We have a week-long winter term here at GULC, and I'm in the middle of a superspeedy class on international law that is focused on deportation/rendition/extradition and related issues. For the last few days, we've been doing a simulation exercise and I played a judge in the European Court of Human Rights. It was fun, but exhausting. My questioning was hard enough on my peers that my TAs didn't think I was a wuss, but nobody hates me either as far as I know. I also emailed my Con law professor from last semester and asked him if he wanted to submit an amicus brief. (He didn't.)
It's weird to hear the professor referring to people from other countries as "aliens." As a Chick who was raised on ET and Star Trek, I've never had the negative connotations some people have for the word. But I'm not used to hearing it at this point as UUs tend to regard it as non-PC.
It's raining a lot here, which is a good thing as it follows the drought from this fall. I hate to drive in the snow, and I'm not very good at it, so I'm pleased that at least we haven't had snow.
I'm looking forward to seeing the YRUUs put on the play I've been writing. Admission is $20 a head and the profits go for University Education in El Salvador. I'm humbled by the idea that I'm writing something that will help even a few folks in El Salvador go to school and live better lives. Kim wrote in the comments that I should let other churches perform it. I had been kicking around something like that for awhile. I'm going to look into the proper language to license it so that YRUU groups may perform it as long as at least 50 percent of the profits go to a non-political charity.
But yeah, if you have a charitably-oriented youth group, shoot me an email and we can talk about it.
I'm also working on an RE curriculum on Christianity in the Culture, though I haven't field tested that one as much as I wanted to this year. I don't suppose anybody reading this knows the proper person in the UUA to send those when I finish them?

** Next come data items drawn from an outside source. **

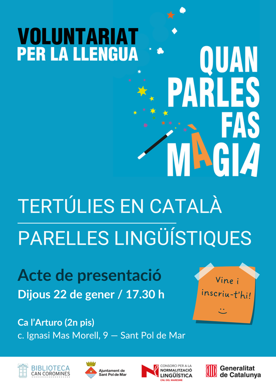Presentació de les tertúlies en català i de les parelles lingüístiques del Voluntariat per la Llengua a Sant Pol de Mar, promogudes conjuntament entre la Biblioteca Can Coromines, els serveis socials del municipi i el Centre de Normalització Lingüística del Maresme.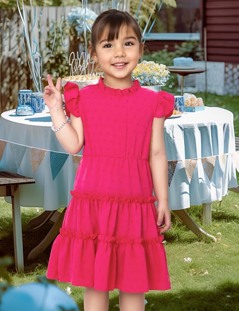 【تصميم ساحر】يتميز فستان الفتيات الصغيرات بتصميم ساحر يجمع بين الأكمام المرفرفة ورقبة دائرية كلاسيكية، مما يمنحه مظهرًا فريدًا ورائعًا. مع زر للإغلاق في الخلف، هذا الفستان أنيق ومريح لطفلتك الصغيرة.
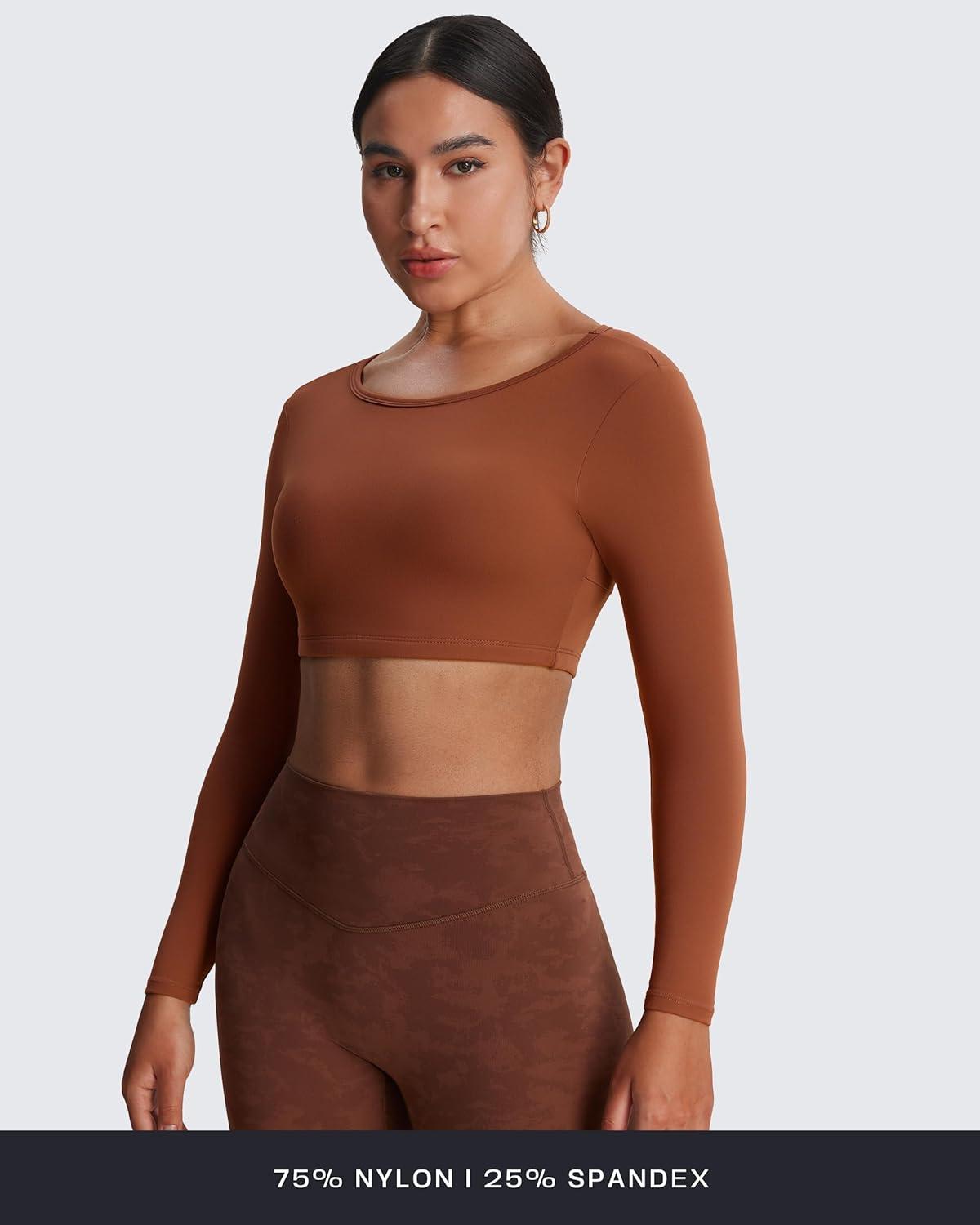 Aoxjox Workout Long Sleeve Crop Tops for Women Clarissa Backless Gym Cropped T Shirt Top(Driftwood)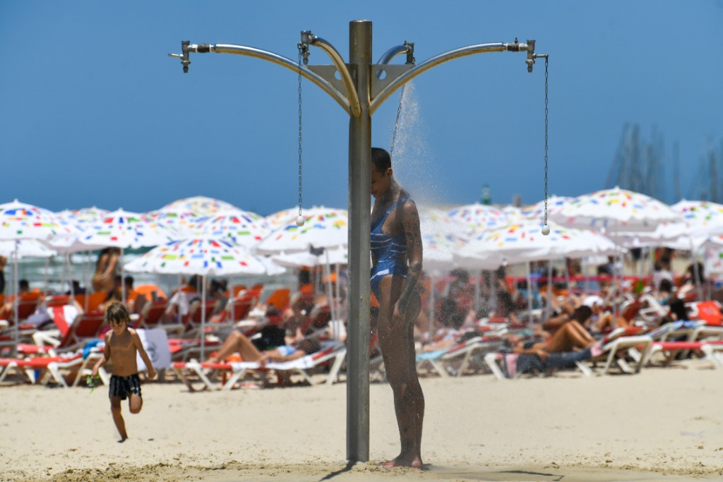 7月12日,人们在以色列特拉维夫海边休闲。近日,以色列遭遇高温天气,人们纷纷来到水边享受清凉。新华社/基尼图片社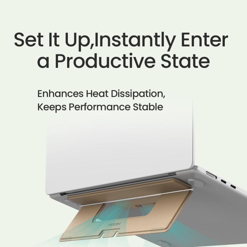 Upgrade je werkplek, verbeter je houding en bescherm je laptop met de NILLKIN Dual-Wing Adhesive Laptop Stand - je vertrouwde partner voor moeiteloze productiviteit onderweg.

Anyway, life is actually pretty good. Probably the reason I'm so bummed is that the ChaliceRelative is moving to the Presbyterian Home in a month. (No, smartass, not Scotland, it's an old folks home in DC that is run by the Presbyterian church.)
When I was a child, the Chalicerelative lived in our basement. She was the RE person at a large Presby church in DC. Once, her car was broken into while it was parked in front of our house, but all that was stolen was a volume of The Interpreter's Bible.
Upon hearing of the crime, my five-year-old self, a Nancy Drew devotee, ran to her room, grabbed her notepad and started looking for clues. After a bit, I came into the house and proudly announced
"Well, we know one thing. The thief loves God, but he hates Justice!"
This is probably the most told-and-retold family story about CC, especially since I got into law school.
Some years ago, the Chalicerelative asked me what I wanted in her will. The first (and really only) thing I asked for was the remaining volumes of that Interpreter's bible.
Now the Chalicerelative's Interpreter's bible is boxed and in the backseat of my car. When I was helping her pack on Sunday, the Chalicerelative reported that the Presbyterian home has an excellent library and she gave it to me. She won't need it and she knows I want it.
Well, I thought I did.
That's a really cute story, though I'm sure you get tired of it being retold endlessly by your family. :-)
Regarding the curriculum, maybe e-mail Judith Frediani at the UUA. It sounds like an interesting topic.
My kids find it hysterical when people talk about illegal aliens. The ET kind are he only kinds they know. Well, they really probably know many of the real kind but the ET's are the only ones they recognize as aliens.